END OF SEMESTER RESIDENCE HALL RECOVERY
Moving out of the residence halls is often very stressful, as it comes at the end of finals week for most schools. In the rush to move, students often waste tons of food, among other things. The Residence Hall Food Recovery aims to give students an easy avenue to donate their food, rather than waste it. On posters and flyers, we put things like “Leftover food in your mini fridge? FRN will take it to the food bank for you!” We had boxes out all of move-out week, and had volunteers at each of the largest dorms with coolers in case temp-sensitive foods were donated. At the end of the week, we listed all the types of food we had and weighed everything before donating it to a food bank. (credit: Kayla Laywell from New Mexico State University).
Talk to the Residence Hall Associations, and other dorm communities to help out volunteer wise and spread the word to the residents.
According to Kayla Laywell from New Mexico State University, "We had boxes out all of move-out week, and had volunteers at each of the largest dorms with coolers in case temp-sensitive foods were donated. At the end of the week, we listed all the types of food we had and weighed everything before donating it to a food bank."
Spending unstructured time together as a team can help build an awesome FRN community on your campus! Organize fun events like a potluck or picnic to bring everyone together.

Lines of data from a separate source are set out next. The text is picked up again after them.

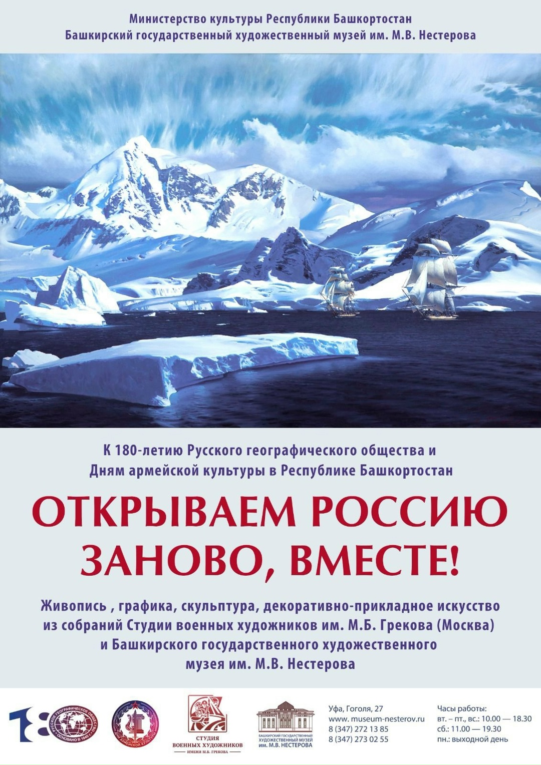 • выставка «Открываем Россию заново, вместе!» в Башкирском государственном художественном музее им. М.В. Нестерова, приуроченная к 180-летию Русского географического общества и представляющая произведения членов Студии военных художников им. М.Б. Грекова (Москва) и произведения художников Башкортостана и России из собрания музея;
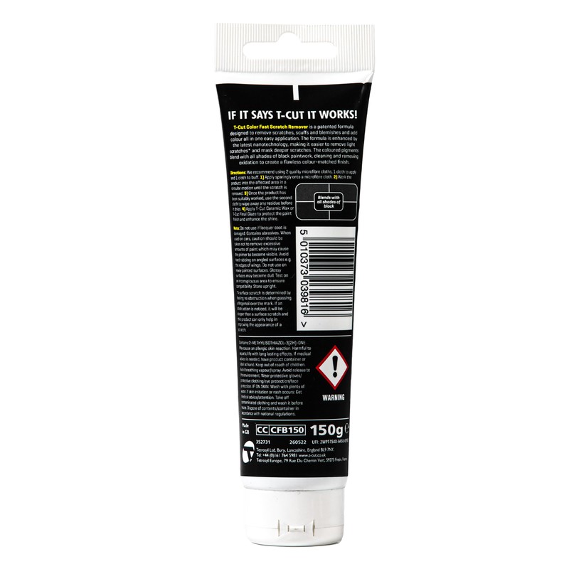 - T-Cut Color Fast Scratch remover removes scratches, scuffs, blemishes and adds colour in one easy application
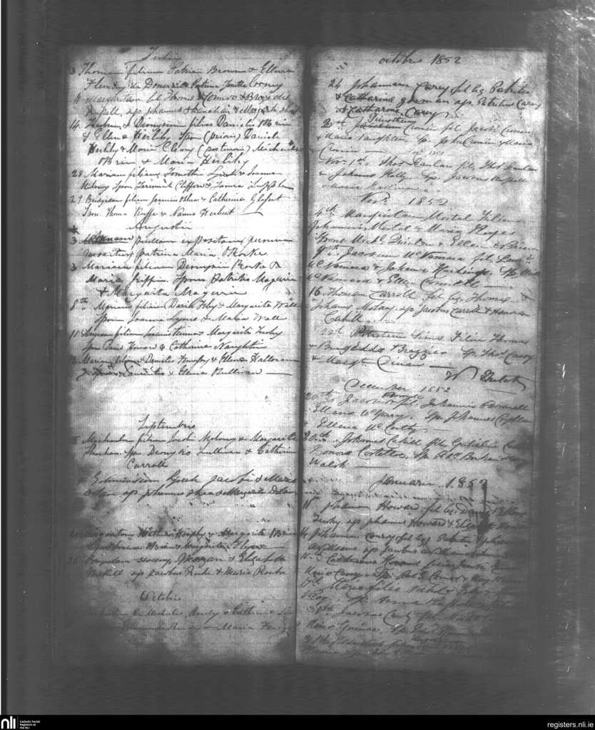 Effin and Garrienderk; County of Limerick; Diocese of Limerick. Baptisms, July 1852 to Jan. 1853
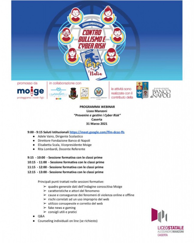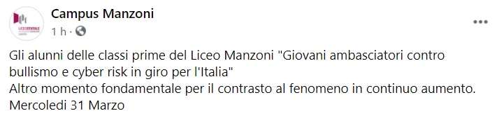 Questo quanto apprendiamo dalla pagina fb del Campus Manzoni: "Gli alunni delle classi prime del Liceo Manzoni "Giovani ambasciatori contro bullismo e cyber risk in giro per l'Italia" - si legge nella nita - Altro momento fondamentale per il contrasto al fenomeno in continuo aumento. Mercoledi 31 Marzo"
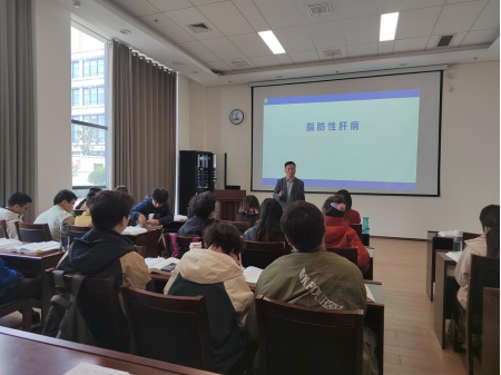 太阳成集团tyc122cc一行首先听取了21临床医学2班《内科学》课程的课堂教学。该课程由第一附属医院主任医师、消化内科副主任米彩锋主讲,米主任通过生动的临床案例讲解了病毒性肝炎发病机制及临床诊断治疗方法,使员工们对病毒性肝炎的基本理论和临床实践有了深刻的理解。太阳成集团tyc122cc领导及督导组成员认真聆听,对米主任的教学方法和课堂管理给予了高度评价。

You can hold it within your own chapter or with another chapter that’s close by. Make sure everyone’s aware of any dietary restrictions (vegans/vegetarians, gluten free, allergies, etc), so that there are plenty of options for everybody.
FRN Members at NFRD 2016, enjoying wood-fired pizza and good conversation.
Relay for Life
Relay for Life is an overnight community walk to raise money for cancer research and to support programs for those who are fighting cancer and their caregivers. It’s also a great way to build a sense of community among your leadership team and volunteers!
Many campuses host a Relay for Life event, so it’s easy to get involved! Organize your leadership team and volunteers, register for the walk, and get moving! This is a great opportunity to raise money for an important cause, bond with your volunteers, and have fun together. Find events happening near you and resources for fundraising here.
If your campus allows it, write out facts about food waste & hunger in large letters across heavily trafficked campus areas!
It’s best to go early in the morning before everyone starts heading to class so that more people see your chalking (and so you don’t get trampled by students running late for class!).
People tend to ignore flyers when overloaded with them. You can make yours stand out by using beautiful poster designs (is there a graphic design student who would be willing to donate their time?), by placing them in locations where people are waiting around (above microwaves or on the back of toilet stall doors), or by organizing several of your flyers on a board in a manner that really stands out!
One easy way to raise awareness is to make up some table tents/ toppers and put them out on the tables in your dining hall. Give some statistics about food insecurity and food waste in the US and/or your state, and then put down your contact info. This is a great way to motivate new volunteers to join, and to remind people only to take what they can eat.
You can raise awareness about your club while also recruiting new volunteers by tabling. Most schools have a place where students gather regularly (a student union, cafeteria, or the lobby of a popular building) and where organizations are able to set up tables.
Usually there are many organizations tabling at once, so it’s important to find a way to make yours stand out! Play some music, get a flashy banner (ask your Member Support point person how to order one through FRN), wear matching T-shirts, hand out flyers, etc. Do whatever you need to do to get people to notice you. It’s a good idea to have some facts handy to get people more interested, and to have a sign-up sheet to collect the emails of interested students.